Eröffnung in heiterer Atmosphäre: Rainer Ehm, Peter Ferstl, Michaela Gebhard, Mark Spoerer, Herrmann Hage, Susanne Gatzka, Roman Smolorz (v.l.).

Eröffnung in heiterer Atmosphäre: Rainer Ehm, Peter Ferstl, Michaela Gebhard, Mark Spoerer, Herrmann Hage, Susanne Gatzka, Roman Smolorz und Altbürgermeister Walter Annuß (v.l.).

So etwas gibt es vermutlich nur in Regensburg: Ein städtischer Referent blickt fast 30 Jahre zurück und zitiert sich selbst. Die Rede ist von Dr. Hermann Hage, der am letzten Mittwoch in der Stadtbücherei die Ausstellung „Ende und Neubeginn: Regensburg 1945 – 1949“ eröffnet hat. Sie ist Teil eines Veranstaltungsprogramms der Volkshochschule (VHS) anlässlich des 70. Jahrestags des Kriegsendes. Bereits vor knapp 30 Jahren hat Hage als Mitarbeiter der VHS das Thema „Kriegsende“ bearbeitet. Im Vorwort des Ausstellungskatalogs von 1987 bemängelte er: „Zeitgeschichtliche Dauerausstellungen und Museumskonzepte gibt es in Regensburg nicht.
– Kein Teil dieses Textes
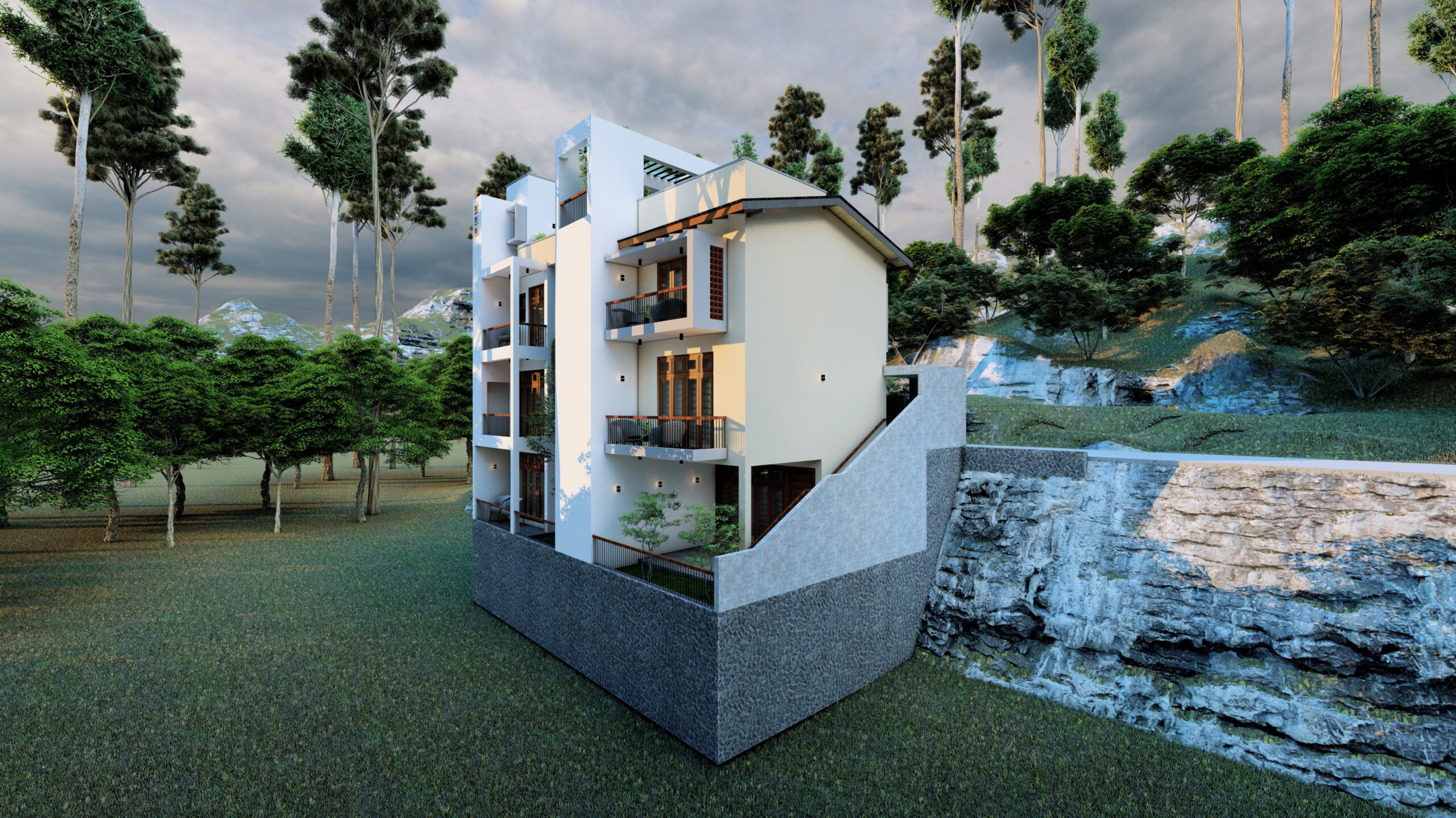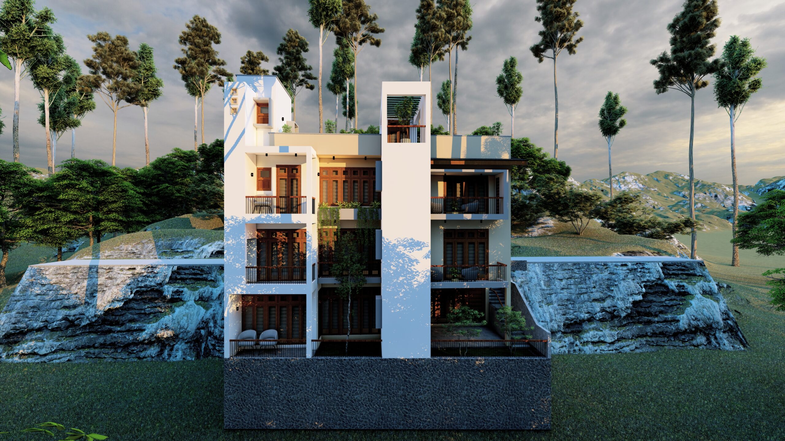 PROJECT INFORMATION PROJECT TITLE: Arshad House CLIENT NAME: Mr. Arshad LOCATION: Hemmathagama BUILDING TYPE: Personalized Residence LAND EXTENT: 7 Perch FLOORS: Lower Ground Floor with Two Storied BUILT AREA: 4550 Sq.Ft. STAGE: Construction

Entsprechende temporäre Ausstellungen sind rar“. Gegenwärtig sei dies nicht anders, so Hage am Mittwoch.

30 Jahre Fotoausstellung

Hage berichtet vom Widerstand des damaligen Oberbürgermeisters Friedrich Viehbacher (CSU) gegen die Thematisierung der Regensburger NS-Geschichte. Man tue sich aber in Sachen NS-Geschichte immer noch schwer, was sich an der zögerlichen Debatte um den ehemaligen Bürgermeister Hans Hermann (NSDAP-Mitgliedsnr. 3613732) gezeigt habe. Er hoffe aber, leicht augenzwinkernd, dass die vom Stadtrat beschlossene wissenschaftliche Bearbeitung der NS-Geschichte keine weitere 30 Jahre auf sich warten lasse. Die Aufarbeitung des NS-Regimes und der Nachkriegszeit in Regensburg müsse jetzt endlich nachhaltig gestaltet werden, so der Bildungsreferent. Der Stadtrat hat zu diesem Behufe bereits im Oktober 2014 ein 250.000 Euro schweres Forschungsprojekt beschlossen.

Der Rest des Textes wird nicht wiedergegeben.